According to Dr. John Lightfoot, who has written a short section entitled, "The words of the Hebrew Midwives not a lie, but a glorious confession of their faith" (Works 2:357ff), the midwives CONFESSED the most central truth:



> These words of theirs, proceed from the same faith, from whence had proceeded their work of charity,—the children's preservation. And so far are they from being a lie, that they are so glorious a confession of their faith in God, that we find not many, that have gone beyond it: and the things they spake of, so far from false, that they were most admirably and miraculously true, and really done. They saw in very deed the immediate hand and help of God, plainly and really showed to the Hebrew women in their labour: and that, whereas other women naturally, in that case, are weak, fainting, and long in pain; these were strong, lively, and soon delivered. For, as the strength of the promise showed itself in the males of Israel, in that the more they were pressed under servitude and afflicted, the more were they able for generation,—so did the strength of the promise show itself upon the women, in that they were delivered of their children with a supernatural and extraordinary ease and quickness. Therefore, the midwives boldly stand out to Pharaoh, to the venture of a martyrdom; and plainly tell him, that, since they were not in travail as other women, but lively, and strong, and had soon done,—it could be nothing but the immediate hand of God with them; which hand, they are resolved, they will not oppose for all his command, lest they should be found to fight against God. For this confession, so resolutely and gloriously made before Pharaoh, and for their fact answerable, "God made them houses, because they feared him;" that is, married them into the congregation of Israel, and built up Israelitish families by them.



The problem, as I perceive it, comes from assuming that the words spoken to Pharaoh were said out of fear of him rather than fear of God.

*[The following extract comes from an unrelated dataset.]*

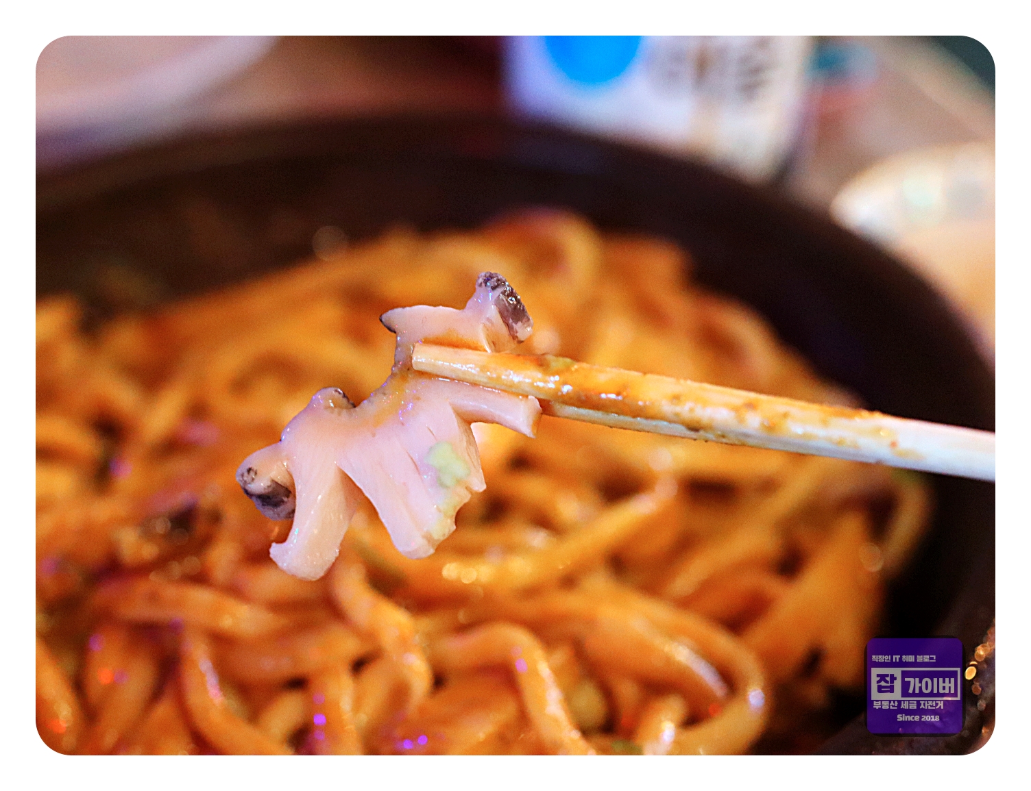 면발과 내장이 어우러진 이 특별한 우동은 마치 전복 본연의 맛을 온전히 느낄 수 있도록 만들어져 있어 해물 한 상과 함께 먹기에 아주 훌륭한 조합이었습니다.

That would be contrary to the express testimony of the text.


----------



## Mushroom (Apr 21, 2010)

Hmmm. Dr Lightfoot makes a considerable point. I will have to re-examine my view of the event. Thanks, Rev. Winzer.


----------



## chbrooking (Apr 22, 2010)

Actually, I think Lightfoot's take rather fanciful.


----------



## alhembd (Apr 22, 2010)

Clark,

This is a rather long reply, simply because I have pasted in John Calvin's comment on this verse. Basically Calvin says (correctly) that the midwives sinned because they lied. However, there was also a godly motive in it that God rewarded: namely, from the fear of God, they refused to obey Pharaoh. And accordingly, God in His mercy rewarded their faith, though He did not approve their lying.

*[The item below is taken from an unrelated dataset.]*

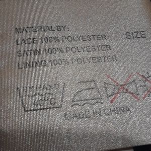 @brinahmorgan hi! i just added pics of the tags. 100% polyester. the dress has 3 layers: lining, satin, and what is listed as lace but i would say is really tulle-like.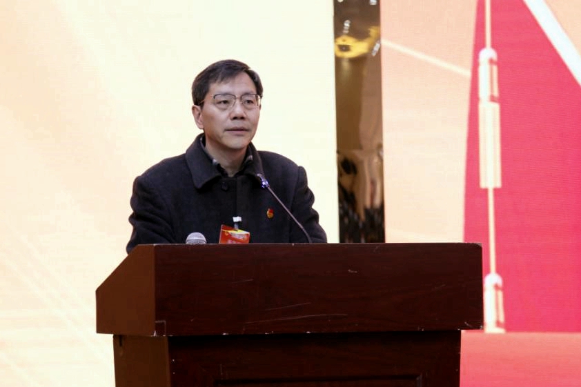学院学生会副主席李泰锋在会上作题为《坚定专业自信 绽放战疫青春 凝心聚力为我院“双高计划”创建而努力奋斗》的工作报告。

Now: as the Larger Catechism tells us, we are not duty bound to tell an oppressor or a murderer the whole truth. But, we cannot lie.

I had a dear friend who was fleeing the Nazis in WWII, a Dutchman. He hid in the swamps for a year. (He refused to work in their forced labour camps, because the Queen of Holland had commanded her subjects not to do so.)

Well, this man came home to visit his parents briefly, and he sat down and began to play the organ. While he was playing, a Nazi soldier came with another soldier, and his German shepherd, to the door of the house. He knocked, and the mother answered. The soldier said, "Where is Gerrit?" The woman was shocked, but she was determined not to lie. So, she looked at the dog, and rebuked the soldier for having such a vicious dog. This put the Nazi soldier on the defensive, and he said, "But he's a nice dog." After she rebuked him more, the soldier turned and apologetically left. Meanwhile, her son's life was saved.

I think this was a faithful keeping of the Ninth Commandment.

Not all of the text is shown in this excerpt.